NVProf with Spectrum MPI
Problem
Currently CUDA 10.0+ nvprof
suffers from a problem that may affect running with
Spectrum MPI. When attempting to launch nvprof
through SMPI, the environment
LD_PRELOAD
values gets set incorrectly, which causes the cuda hooks to fail on
launch. Any application that replies on LD_PRELOAD
could potentially see the same
issue.
ddlrun -H host1 nvprof python ~/tensorflow_examples/ddl-tensorflow/examples/mnist/mnist-env.py
+ /mnt/pai/home/anaconda3/envs/py27/bin/mpirun -x PATH -x LD_LIBRARY_PATH -gpu --rankfile /tmp/DDLRUN/DDLRUN.kuCMN7IB7MV2/RANKFILE -x 'DDL_OPTIONS=-mode r:4x1x1x1 ' -n 4 -x 'DDL_HOST_PORT=2200' -x 'DDL_HOST_LIST=host1:0,1,2,3' bash -c 'source /mnt/pai/home/anaconda3/etc/profile.d/conda.sh && conda activate /mnt/pai/home/anaconda3/envs/py27 > /dev/null 2>&1 && nvprof python /mnt/pai/home/tensorflow_examples/ddl-tensorflow/examples/mnist/mnist-env.py'
DDL: Execution Mode=Graph.
DDL: DDL_GROUP_SIZE=10000000.
DDL: DDL_SYNC_METHOD=default.
FATAL ERROR: Couldn't load pami_cudahook
FATAL ERROR: Couldn't load pami_cudahook
FATAL ERROR: Couldn't load pami_cudahook
FATAL ERROR: Couldn't load pami_cudahook
[host1:54798] Error: common_pami.c:857 - ompi_common_pami_init() Unable to create PAMI client (rc=1)

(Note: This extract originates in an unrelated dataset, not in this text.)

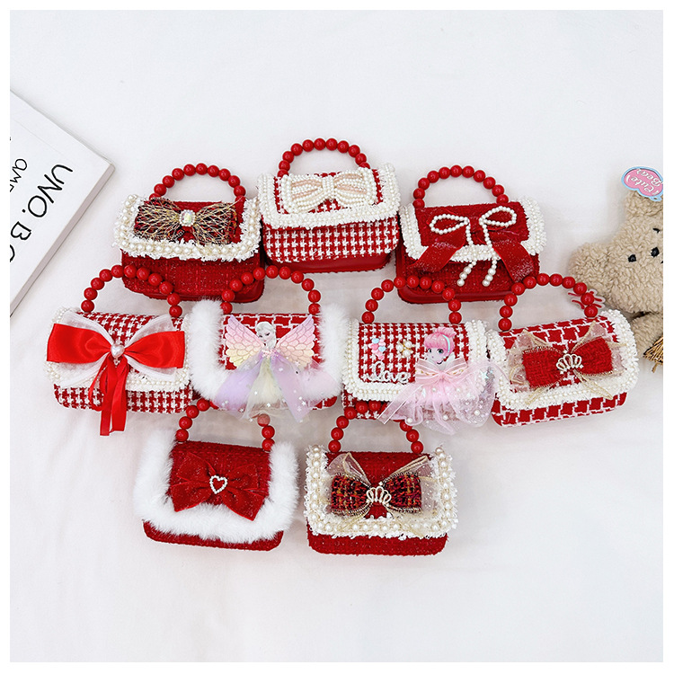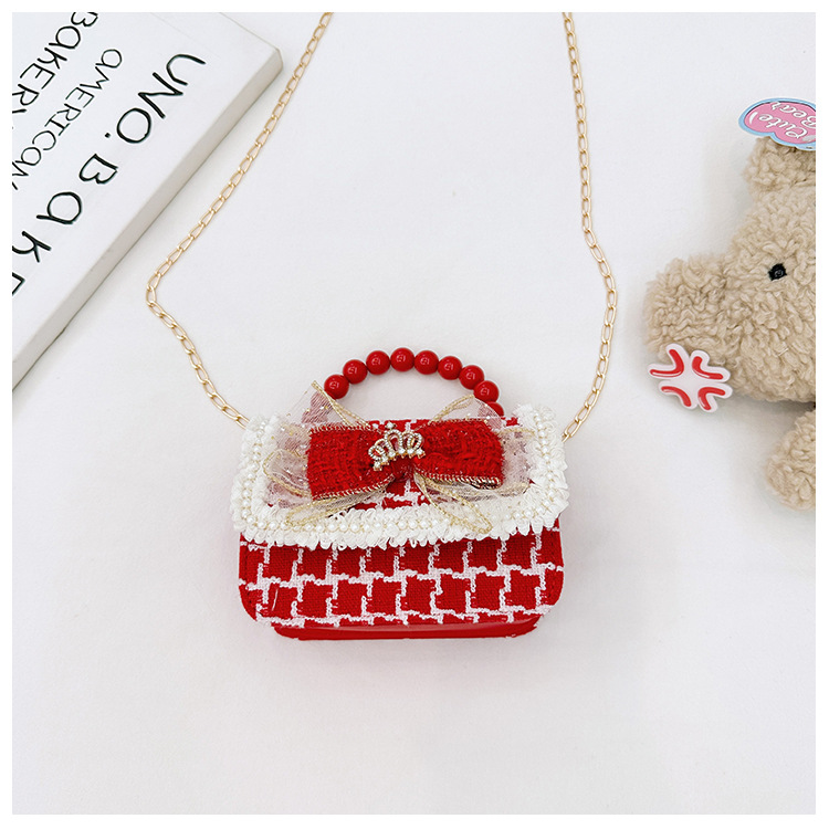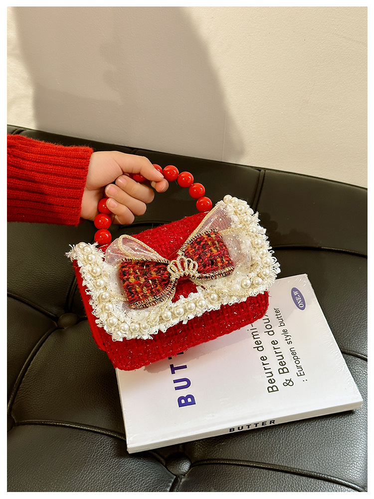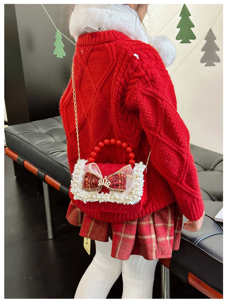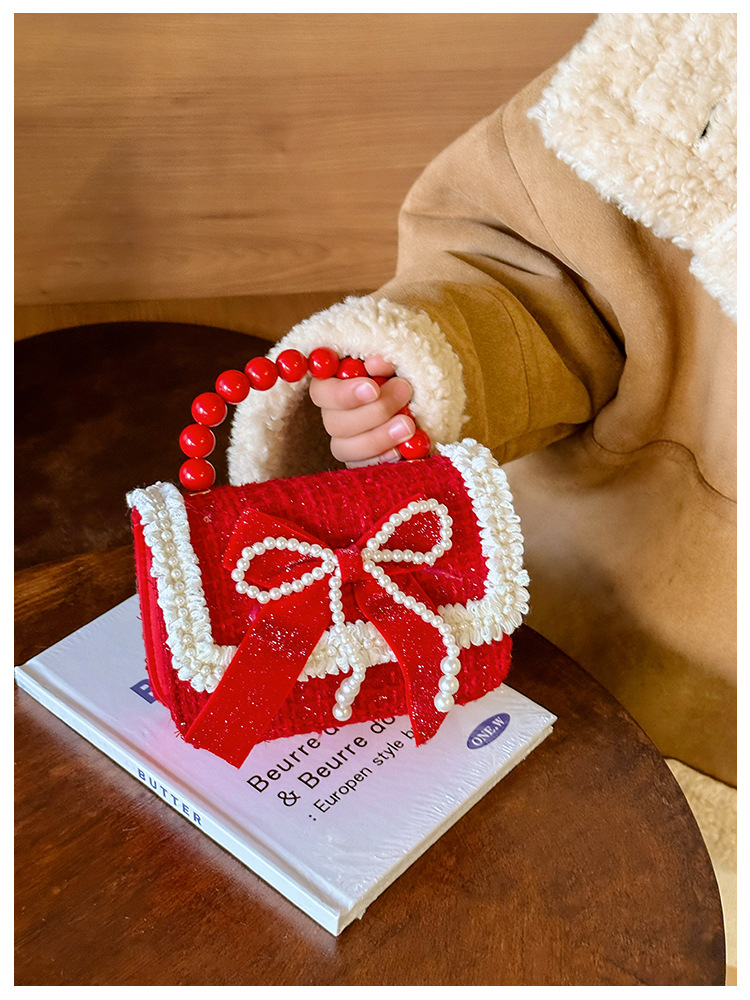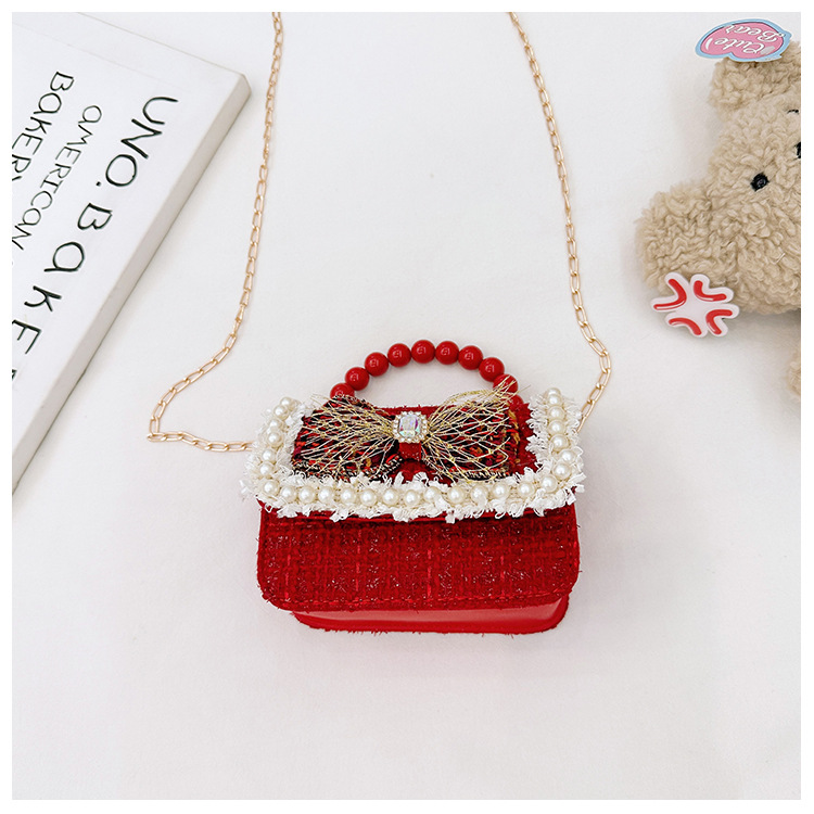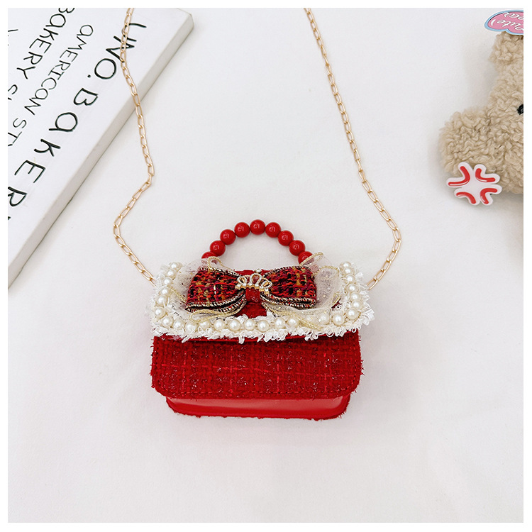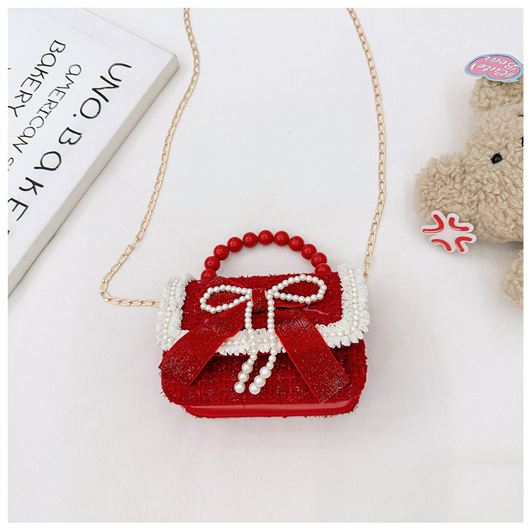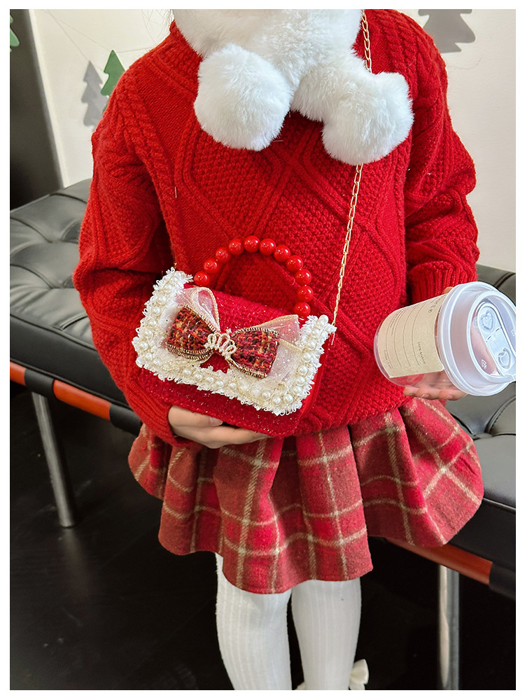 Año Nuevo gran bolso cuadrado rojo para niños bolso de perla bebé lindos bolso de cadena de arco bolso de cambio de niñas
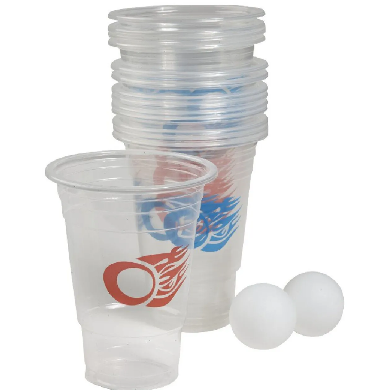 Jeu à boire ping pong comprenant 14 gobelets et 2 balles, plastique.

[host1:54797] Error: common_pami.c:857 - ompi_common_pami_init() Unable to create PAMI client (rc=1)
--------------------------------------------------------------------------
No components were able to be opened in the pml framework.
This typically means that either no components of this type were
installed, or none of the installed components can be loaded.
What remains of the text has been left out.